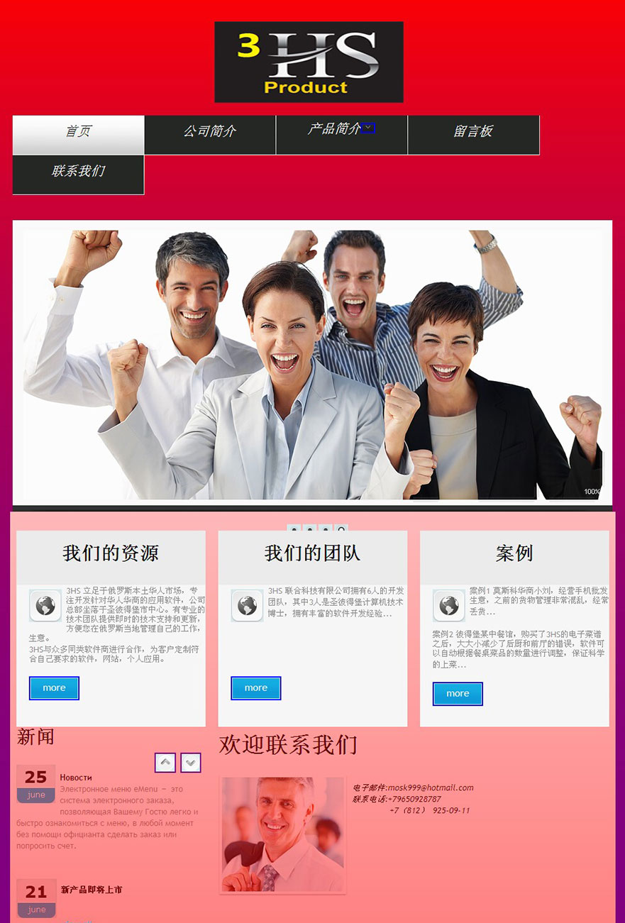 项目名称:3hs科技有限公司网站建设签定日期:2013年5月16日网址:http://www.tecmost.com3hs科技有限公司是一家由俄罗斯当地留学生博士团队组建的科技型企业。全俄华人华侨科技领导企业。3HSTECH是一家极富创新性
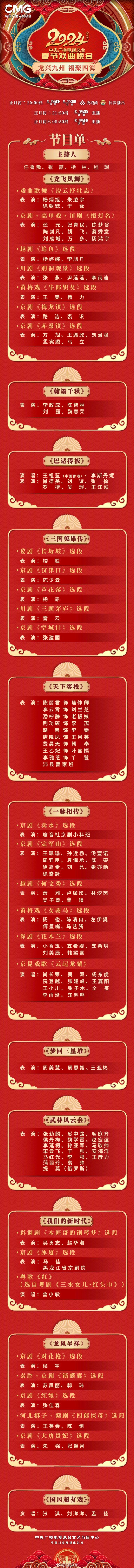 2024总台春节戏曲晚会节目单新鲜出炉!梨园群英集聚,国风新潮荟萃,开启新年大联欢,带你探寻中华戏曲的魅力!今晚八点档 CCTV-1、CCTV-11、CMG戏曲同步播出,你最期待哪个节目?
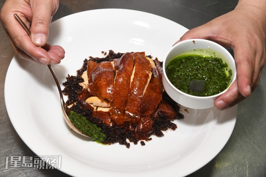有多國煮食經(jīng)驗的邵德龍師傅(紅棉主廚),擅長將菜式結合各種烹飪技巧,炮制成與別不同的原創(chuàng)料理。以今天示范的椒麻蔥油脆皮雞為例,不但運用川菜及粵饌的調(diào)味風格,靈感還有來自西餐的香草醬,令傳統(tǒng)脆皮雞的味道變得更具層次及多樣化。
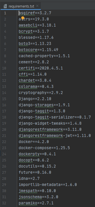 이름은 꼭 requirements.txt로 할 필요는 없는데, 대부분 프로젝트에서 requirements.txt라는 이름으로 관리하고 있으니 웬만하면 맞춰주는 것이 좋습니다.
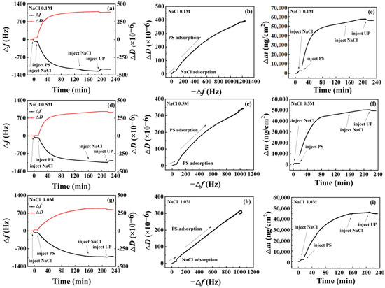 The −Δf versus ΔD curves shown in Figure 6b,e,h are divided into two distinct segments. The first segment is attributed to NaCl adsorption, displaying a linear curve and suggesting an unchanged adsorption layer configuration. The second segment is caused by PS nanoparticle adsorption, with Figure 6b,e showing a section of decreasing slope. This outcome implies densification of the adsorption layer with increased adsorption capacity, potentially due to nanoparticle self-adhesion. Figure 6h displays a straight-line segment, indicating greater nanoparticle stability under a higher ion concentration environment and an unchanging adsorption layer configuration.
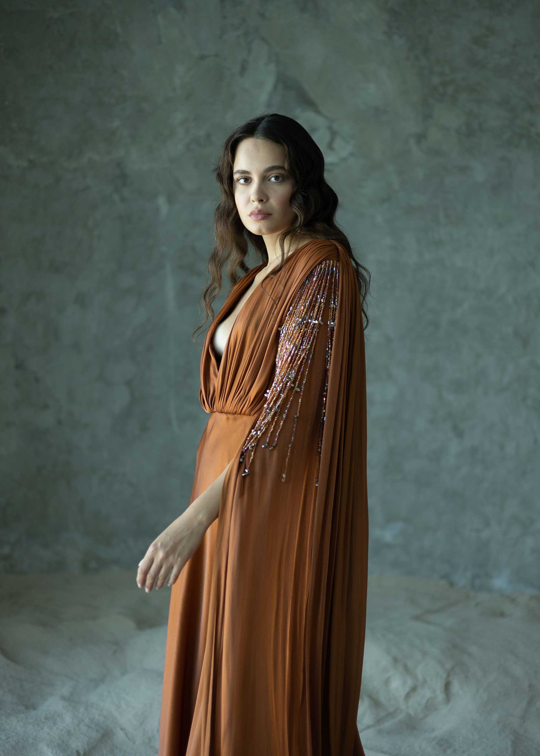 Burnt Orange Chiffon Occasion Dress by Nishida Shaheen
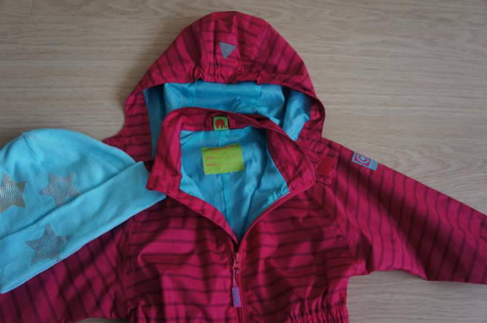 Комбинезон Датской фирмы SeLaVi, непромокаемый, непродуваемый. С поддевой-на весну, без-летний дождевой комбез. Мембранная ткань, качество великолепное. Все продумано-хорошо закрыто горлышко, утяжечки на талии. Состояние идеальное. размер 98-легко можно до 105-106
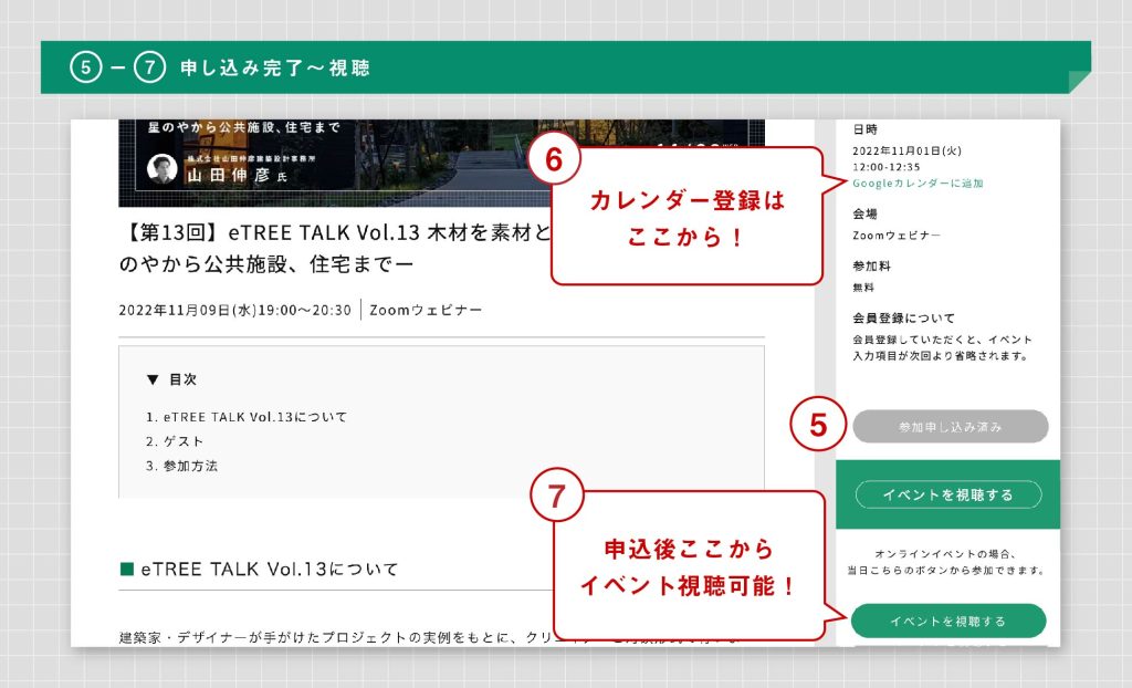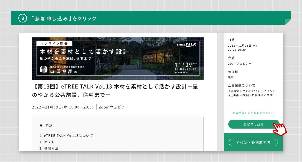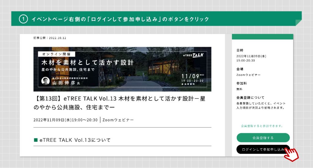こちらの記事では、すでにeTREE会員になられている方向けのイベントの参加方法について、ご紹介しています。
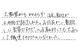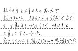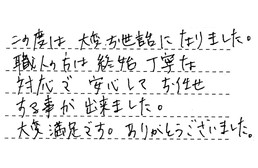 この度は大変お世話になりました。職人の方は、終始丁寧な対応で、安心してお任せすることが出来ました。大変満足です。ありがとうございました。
= = = =
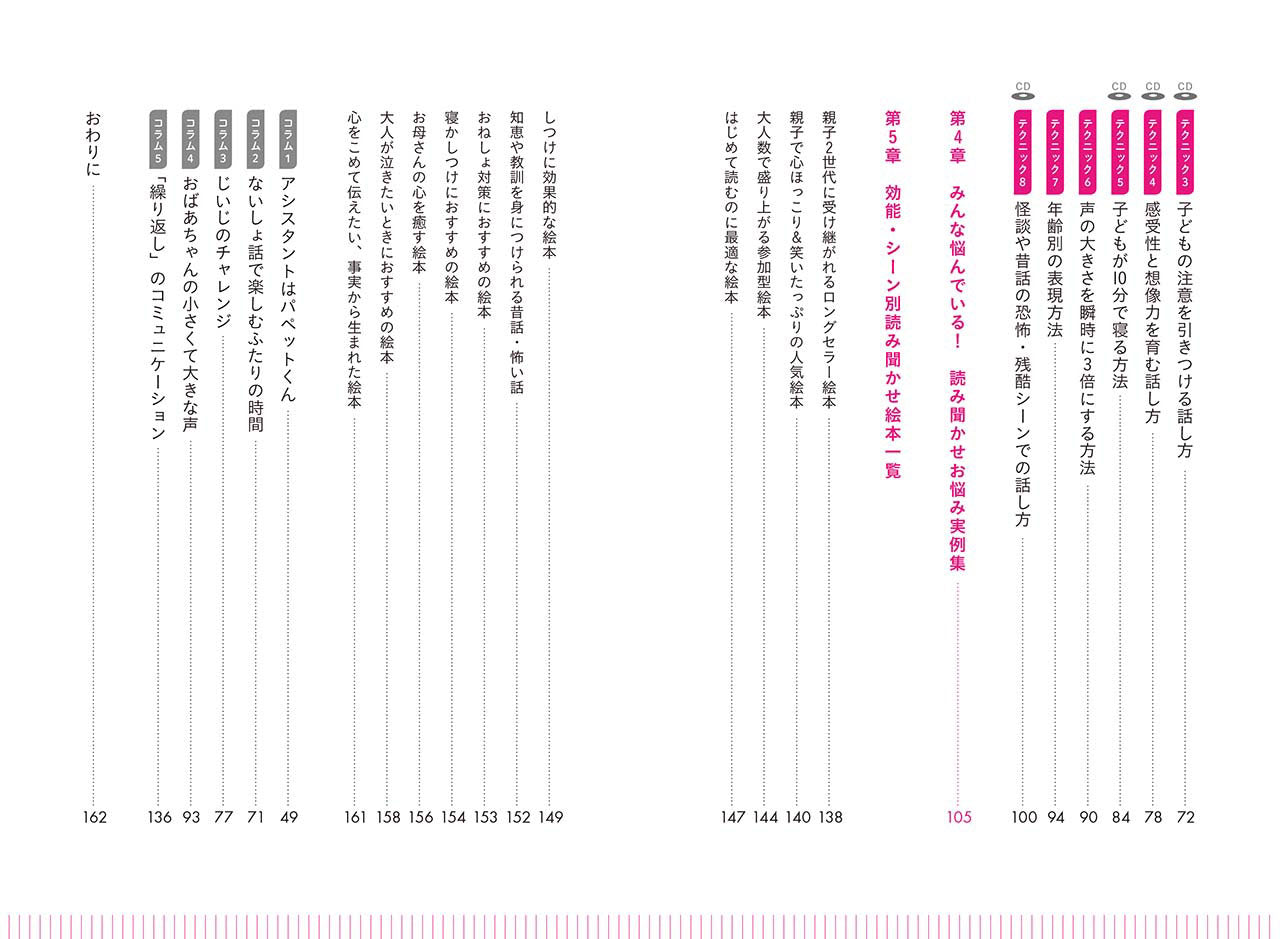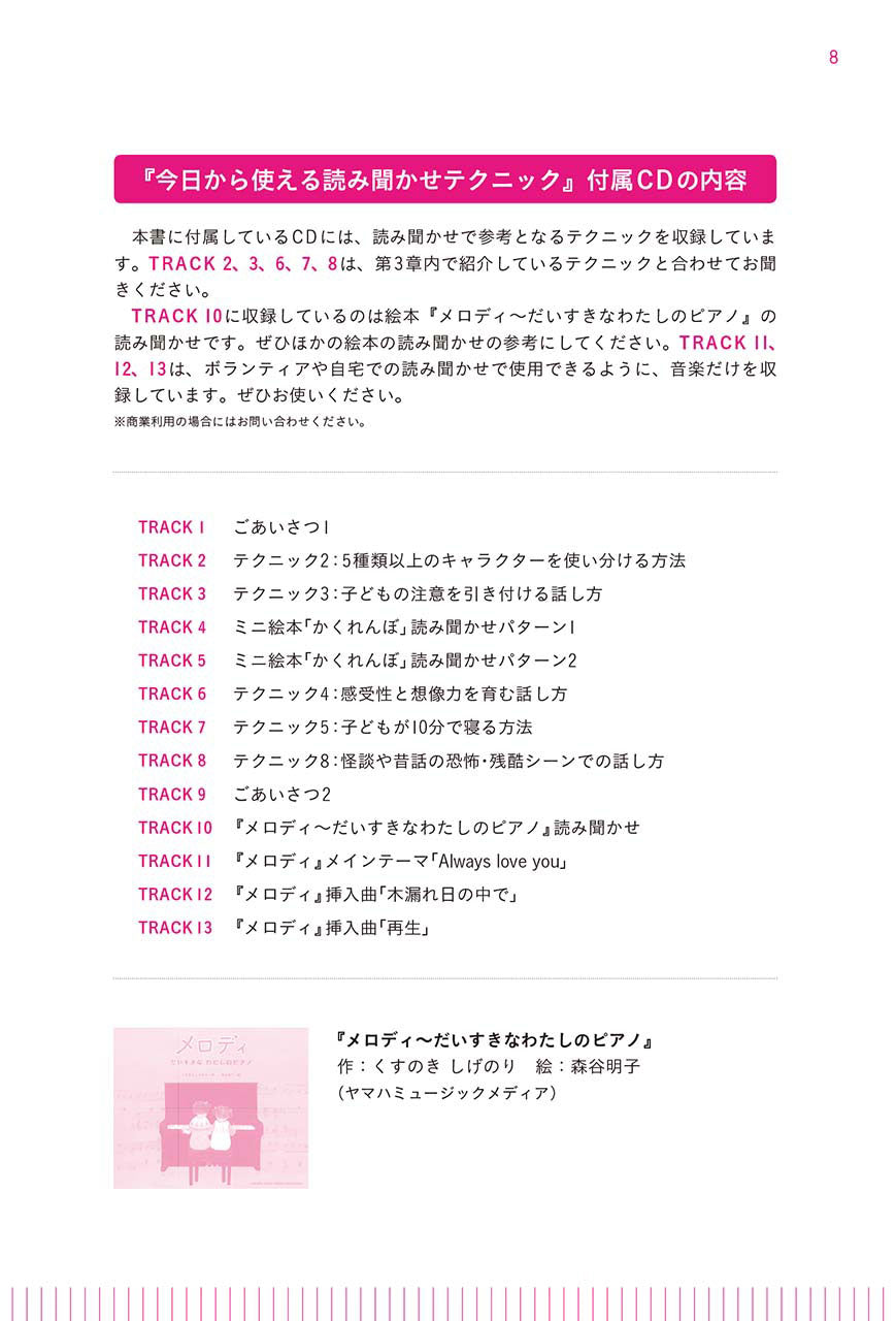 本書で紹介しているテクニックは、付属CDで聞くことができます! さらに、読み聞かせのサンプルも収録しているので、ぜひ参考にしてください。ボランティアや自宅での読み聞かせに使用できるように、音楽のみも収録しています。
= = = =
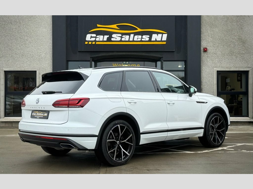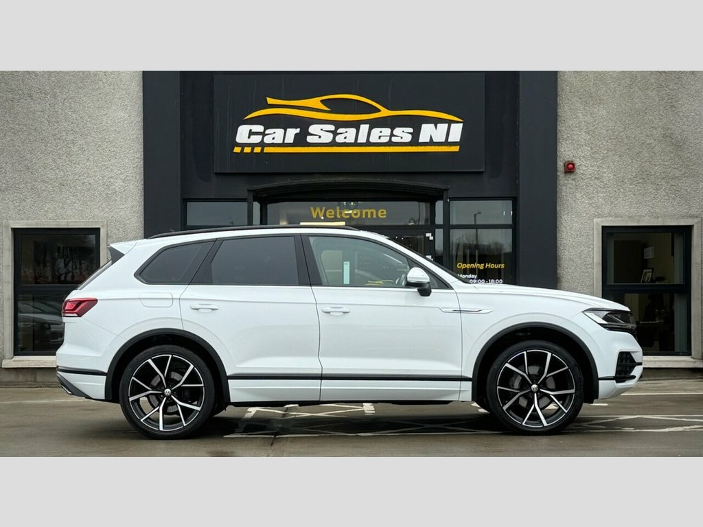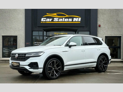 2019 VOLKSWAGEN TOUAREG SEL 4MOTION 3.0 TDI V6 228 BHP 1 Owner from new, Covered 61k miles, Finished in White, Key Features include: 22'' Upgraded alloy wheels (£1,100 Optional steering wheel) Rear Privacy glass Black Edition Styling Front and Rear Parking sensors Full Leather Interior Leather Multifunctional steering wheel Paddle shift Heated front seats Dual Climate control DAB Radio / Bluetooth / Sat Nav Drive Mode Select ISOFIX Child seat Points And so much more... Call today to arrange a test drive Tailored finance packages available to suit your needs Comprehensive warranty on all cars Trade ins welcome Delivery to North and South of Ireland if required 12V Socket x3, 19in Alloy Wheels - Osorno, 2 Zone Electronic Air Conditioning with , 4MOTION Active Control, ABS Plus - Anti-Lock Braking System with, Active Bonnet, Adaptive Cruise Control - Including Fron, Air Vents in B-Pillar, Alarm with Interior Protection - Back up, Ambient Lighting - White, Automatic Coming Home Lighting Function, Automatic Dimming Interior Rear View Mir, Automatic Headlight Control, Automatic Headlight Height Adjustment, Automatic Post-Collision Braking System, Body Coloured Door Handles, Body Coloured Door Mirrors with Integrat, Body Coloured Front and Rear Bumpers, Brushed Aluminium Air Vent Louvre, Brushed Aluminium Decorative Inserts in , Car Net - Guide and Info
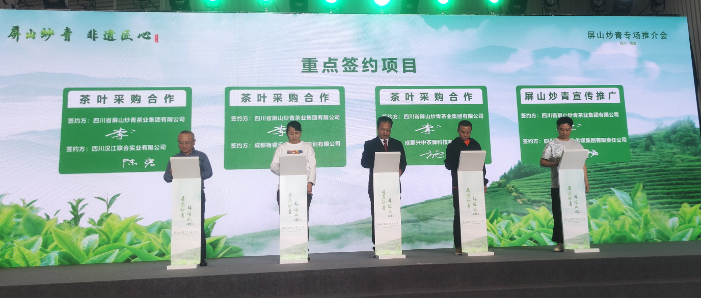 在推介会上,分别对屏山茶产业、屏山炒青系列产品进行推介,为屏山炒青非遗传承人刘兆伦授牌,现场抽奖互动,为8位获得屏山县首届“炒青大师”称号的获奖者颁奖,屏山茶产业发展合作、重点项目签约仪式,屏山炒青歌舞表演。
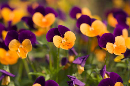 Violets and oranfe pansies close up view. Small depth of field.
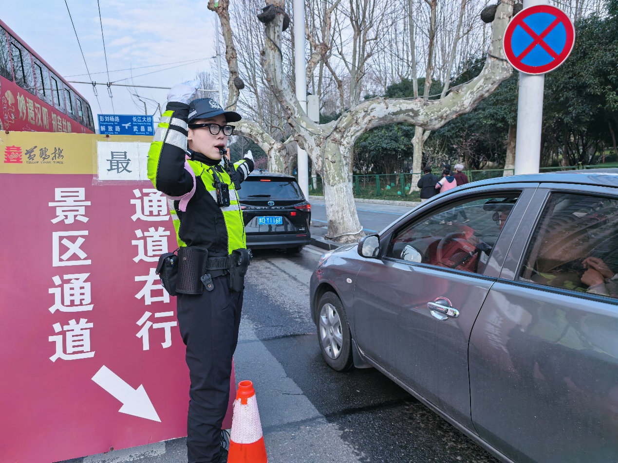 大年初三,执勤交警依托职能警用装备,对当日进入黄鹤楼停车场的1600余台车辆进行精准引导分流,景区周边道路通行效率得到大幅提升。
= = = =
With the pictures omitted, restate word for word the lines above from the line that has "项目名称:3hs科技有限公司" up to and including the line that has "Комбинезон Датской фирмы", and no other lines.

◆ **Task response**
 项目名称:3hs科技有限公司网站建设签定日期:2013年5月16日网址:http://www.tecmost.com3hs科技有限公司是一家由俄罗斯当地留学生博士团队组建的科技型企业。全俄华人华侨科技领导企业。3HSTECH是一家极富创新性
 2024总台春节戏曲晚会节目单新鲜出炉!梨园群英集聚,国风新潮荟萃,开启新年大联欢,带你探寻中华戏曲的魅力!今晚八点档 CCTV-1、CCTV-11、CMG戏曲同步播出,你最期待哪个节目?
有多國煮食經(jīng)驗的邵德龍師傅(紅棉主廚),擅長將菜式結合各種烹飪技巧,炮制成與別不同的原創(chuàng)料理。以今天示范的椒麻蔥油脆皮雞為例,不但運用川菜及粵饌的調(diào)味風格,靈感還有來自西餐的香草醬,令傳統(tǒng)脆皮雞的味道變得更具層次及多樣化。
 이름은 꼭 requirements.txt로 할 필요는 없는데, 대부분 프로젝트에서 requirements.txt라는 이름으로 관리하고 있으니 웬만하면 맞춰주는 것이 좋습니다.
 The −Δf versus ΔD curves shown in Figure 6b,e,h are divided into two distinct segments. The first segment is attributed to NaCl adsorption, displaying a linear curve and suggesting an unchanged adsorption layer configuration. The second segment is caused by PS nanoparticle adsorption, with Figure 6b,e showing a section of decreasing slope. This outcome implies densification of the adsorption layer with increased adsorption capacity, potentially due to nanoparticle self-adhesion. Figure 6h displays a straight-line segment, indicating greater nanoparticle stability under a higher ion concentration environment and an unchanging adsorption layer configuration.
 Burnt Orange Chiffon Occasion Dress by Nishida Shaheen
 Комбинезон Датской фирмы SeLaVi, непромокаемый, непродуваемый. С поддевой-на весну, без-летний дождевой комбез. Мембранная ткань, качество великолепное. Все продумано-хорошо закрыто горлышко, утяжечки на талии. Состояние идеальное. размер 98-легко можно до 105-106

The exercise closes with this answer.